EAD element Output Repeatable? Notes

  <dsc>   No  
    type= "combined" No "combined" indicates that a given series is always followed immediately by listing of its lower-level contents (any sub-series, files, items).

    <c01>

    <c02>

    <c03> ...

[Return <c01>, <c02> etc according to level of description] No Use numbered components <c01> rather than unnumbered <c>.

The number should equal the number of parents above the description in the hierarchy.

      level= term::name No Get name of level of description from term table via information_object::level_of_description_id field.

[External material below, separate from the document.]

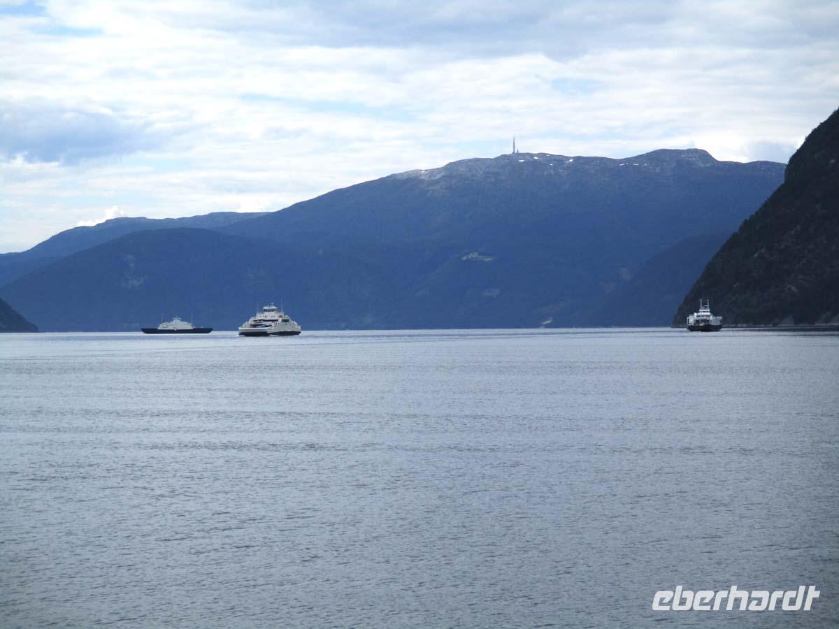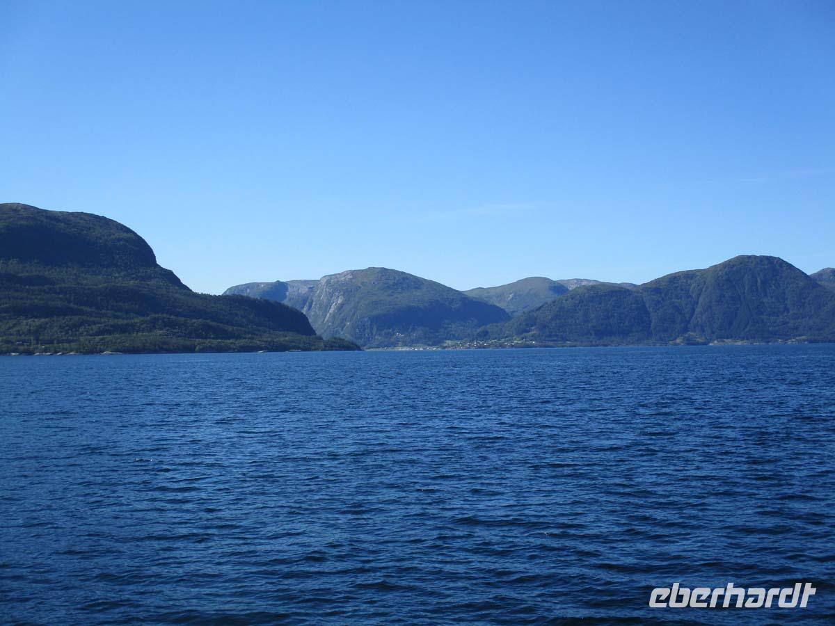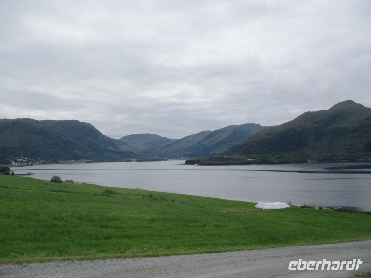 Nachdem wir auf unserer Reise nach Süden mit Fähren den Solafjord und den Rövdalfjord überquert haben, legen wir am Vanlysfjord zunächst eine kurze Pause ein, und können hier schon einen Blick auf die Halbinsel Stadlandet werfen, an deren Ende sich das Vestkap befindet. Auf dem Weg dorthin besuchen wir den kleinen Ort Selje, gegenüber dessen die Insel Selja mit der gleichnamigen Klosterruine liegt. Mit Selje, das sogar einen Sandstrand besitzt, ist eng die heilige Sunniva verbunden, die Schutzheilige von ganz Westnorwegen. Die Sonne scheint und die Landschaft ist lieblich. Wiesen wechseln sich mit hohen Fichtenbeständen ab. Zum Kap geht es steil bergauf und oben pfeift ein guter Wind. Plötzlich finden wir uns mitten in den Wolken wieder und die Sicht ist gleich Null. So beschließen wir spontan, wieder abwärts zu fahren und finden über dem Dorf Arvik einen Platz, wo wir unser Mittag einnehmen, und freien Blick auf Meer und Fjord haben, sowie auf das in den Wolken hängende Vestkap. Der Name Vestkap stimmt nicht so ganz. Man wollte mit dieser Titulierung mehr Touristen in die Gegend locken. Wir fahren auf dem Weg nach Förde ein Stück am 109 km langen Nordfjord mit Mittelgebirgscharakter entlang, bevor wir selbigen auf der Fähre von Starheim nach Isane überqueren. Nach einer Pause am Eickefjord erreichen wir am frühen Abend unser Hotel. Das gute Abendbueffet und das schöne Wetter verlangen geradezu noch nach einem Abendspaziergang, oder dem Genießen auf den Balkonen.

Note that relation between component number and level attribute not constant, but depends on the number of levels in the hierarchy of description.

  • E.g. an item registered directly to a series = <c02 level="item">.
  • E.g. a file registered to a sub-series included in a sub-fonds within a fonds = <c04 level="file">.

      <daogrp>   No Get related digital objects in separate <daoloc></daoloc> tags.
  • Return all three digital objects (master, reference, thumbnail) or just one?

      <daoloc>   Yes  
        role= digital_object::mime_type No  
        label=   No Returns "master", "reference" or "thumbnail".
        href=   No  

        <daodesc>   No Not currently supported by Qubit.
  • Provides description of individual digital object (child of <daoloc>) or group (child of <daogrp>).